Philippines AirAsia is expanding its operations in Cebu, adding a four times weekly Singapore service, as well as a three times weekly Taipei service. It is likewise taking over the Cebu-Kuala Lumpur route from AirAsia Berhad of Malaysia while also increasing the flight frequency to four times weekly.
The Cebu-Singapore route will be operated effective November 25, 2016, while the Cebu-Taipei route will commence on the same date as well. The following are the timetables for the new routes:
Whereas Philippines AirAsia holds a monopoly on the Cebu-Kuala Lumpur route, it faces heavy competition on both the Cebu-Singapore and Cebu-Taipei routes. The former is already being serviced by Singapore Airlines subsidiaries: the full-service regional carrier SilkAir and the low-cost carrier Tigerair. Among Philippine carriers, it is being serviced by Cebu Pacific, and come December 2016, Philippine Airlines will commence services too. The latter, on the other hand, is being serviced by Cebu Pacific and more recently, EVA Air of Taiwan.

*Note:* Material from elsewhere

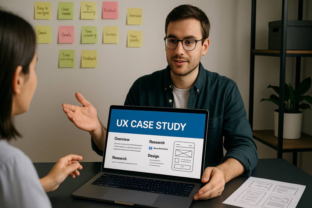 Anda juga belajar membuat case study, bukan sekadar screenshot desain. Ini krusial karena rekruter tidak hanya ingin melihat hasil akhir, tapi proses berpikir Anda.

What the airline takes pride over its competition, however, are its low fares and the “World’s Best Low-Cost Airline” title from SKYTRAX, which the AirAsia Group has been holding for eight consecutive years.
Another advantage the airline holds for the Cebu-Singapore route is its connectivity via the world-class Singapore Changi Airport. From Singapore, the AirAsia Group flies to 15 destinations in Malaysia, Thailand, and Indonesia.

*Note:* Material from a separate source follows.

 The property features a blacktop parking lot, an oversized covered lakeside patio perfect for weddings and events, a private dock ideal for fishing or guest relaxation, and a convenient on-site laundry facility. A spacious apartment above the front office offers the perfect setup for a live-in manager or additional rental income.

GROWING IN CEBU INSTEAD OF MANILA
Although some improvement has been seen recently in Manila, air traffic congestion is still a problem in the Philippines’ primary gateway Manila, and this has been hampering airlines’ expansion plans. Philippine Airlines, for one, has already set up plans to commence flying from Clark, while Cebu Pacific has been flying international outside Manila, opening routes from less congested airports like Davao, Iloilo, and Kalibo. While continuing to grow its operations out of Kalibo, Philippines AirAsia, for its part, has seen potential in growing its hub in Cebu as readies to accept delivery of five aircraft the remainder of this year and the next.
However, unlike the two other major Philippine carriers, it does not operate any domestic routes out of Cebu, save for Manila. This means that, for its international routes, the airline is gunning for passengers who are from Cebu and not so much those who are connecting via Cebu, setting them at a slight disadvantage among its rivals.
Despite this, the airline is bullish about its Cebu expansion plans, seeing Cebu as the most logical and most ideal alternative to Manila. Further, it has repeatedly cited Mactan-Cebu International Airport’s gradual revitalization as a resort-airport hybrid, thanks to the takeover of the consortium between India’s GMR Group and the Philippines’ Megawide Corporation.